- _Activity_: What lines in the data hold the string "yang"? Show them.

- _Data_:
◆ ◆ ◆ ◆ ◆

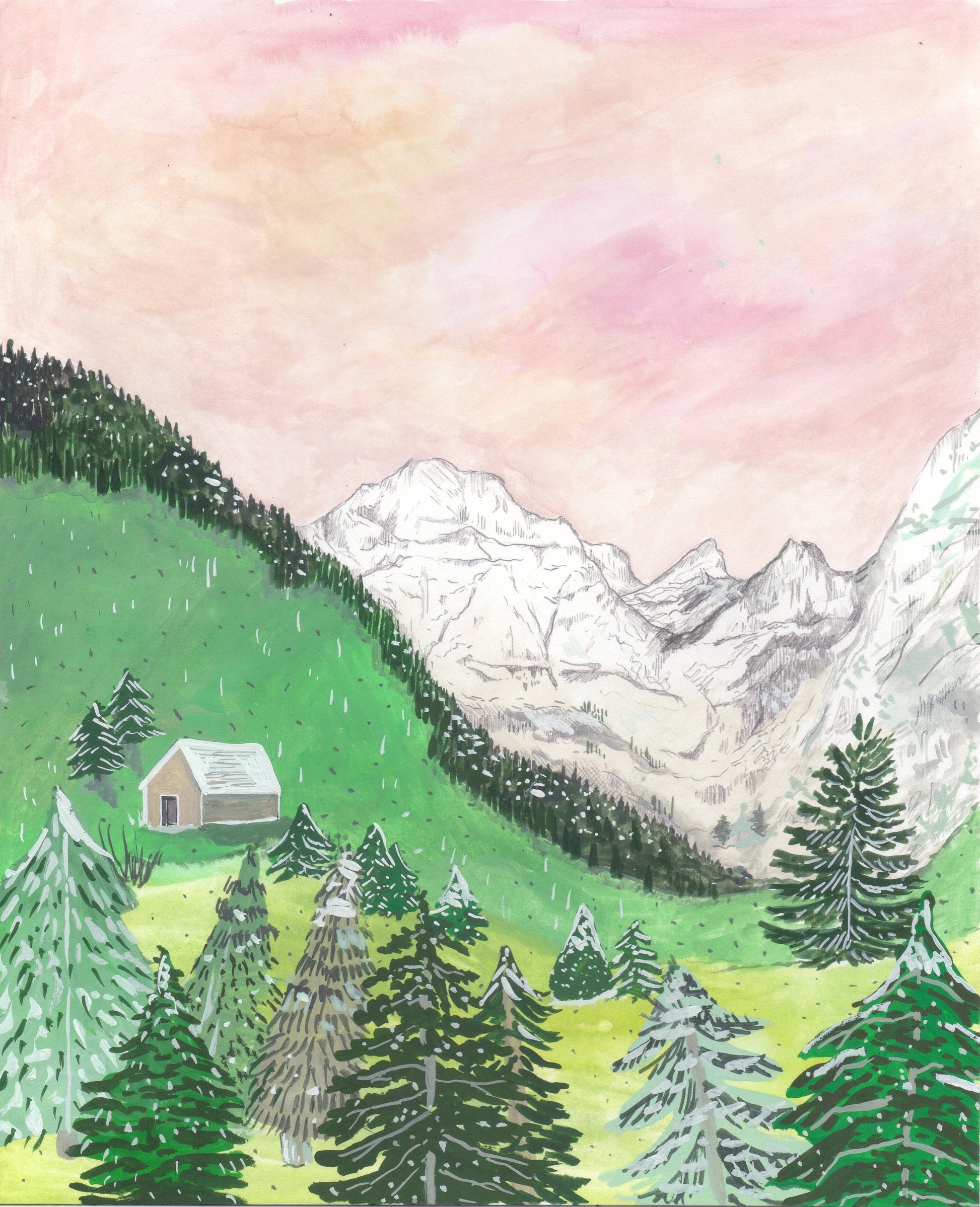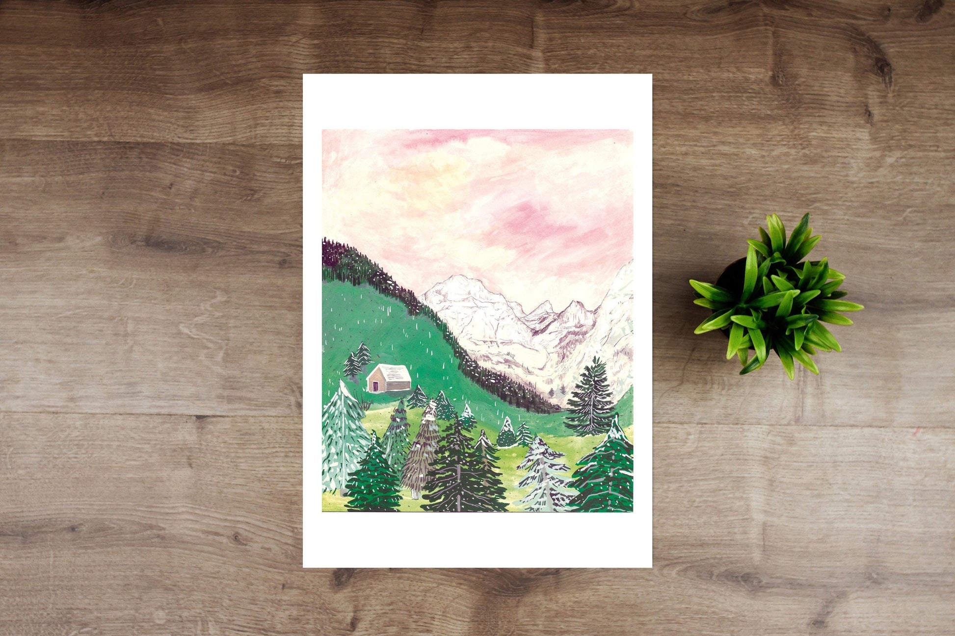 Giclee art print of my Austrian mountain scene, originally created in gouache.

◆ ◆ ◆ ◆ ◆

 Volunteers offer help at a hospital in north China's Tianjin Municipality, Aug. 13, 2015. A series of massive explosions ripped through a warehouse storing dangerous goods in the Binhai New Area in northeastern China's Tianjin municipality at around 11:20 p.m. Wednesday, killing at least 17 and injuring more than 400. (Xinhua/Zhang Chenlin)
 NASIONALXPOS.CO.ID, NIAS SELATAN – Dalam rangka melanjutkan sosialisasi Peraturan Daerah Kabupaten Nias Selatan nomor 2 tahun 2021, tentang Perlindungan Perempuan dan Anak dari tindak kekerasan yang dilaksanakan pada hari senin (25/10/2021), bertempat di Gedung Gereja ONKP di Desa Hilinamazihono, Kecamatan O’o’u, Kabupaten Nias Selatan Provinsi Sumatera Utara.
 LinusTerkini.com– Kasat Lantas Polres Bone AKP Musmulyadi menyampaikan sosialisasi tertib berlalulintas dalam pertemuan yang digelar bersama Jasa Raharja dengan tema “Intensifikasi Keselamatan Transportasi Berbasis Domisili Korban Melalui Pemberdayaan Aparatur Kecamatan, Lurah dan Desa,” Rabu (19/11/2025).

◆ ◆ ◆ ◆ ◆

- _Answer area_:
 NASIONALXPOS.CO.ID, NIAS SELATAN – Dalam rangka melanjutkan sosialisasi Peraturan Daerah Kabupaten Nias Selatan nomor 2 tahun 2021, tentang Perlindungan Perempuan dan Anak dari tindak kekerasan yang dilaksanakan pada hari senin (25/10/2021), bertempat di Gedung Gereja ONKP di Desa Hilinamazihono, Kecamatan O’o’u, Kabupaten Nias Selatan Provinsi Sumatera Utara.
 LinusTerkini.com– Kasat Lantas Polres Bone AKP Musmulyadi menyampaikan sosialisasi tertib berlalulintas dalam pertemuan yang digelar bersama Jasa Raharja dengan tema “Intensifikasi Keselamatan Transportasi Berbasis Domisili Korban Melalui Pemberdayaan Aparatur Kecamatan, Lurah dan Desa,” Rabu (19/11/2025).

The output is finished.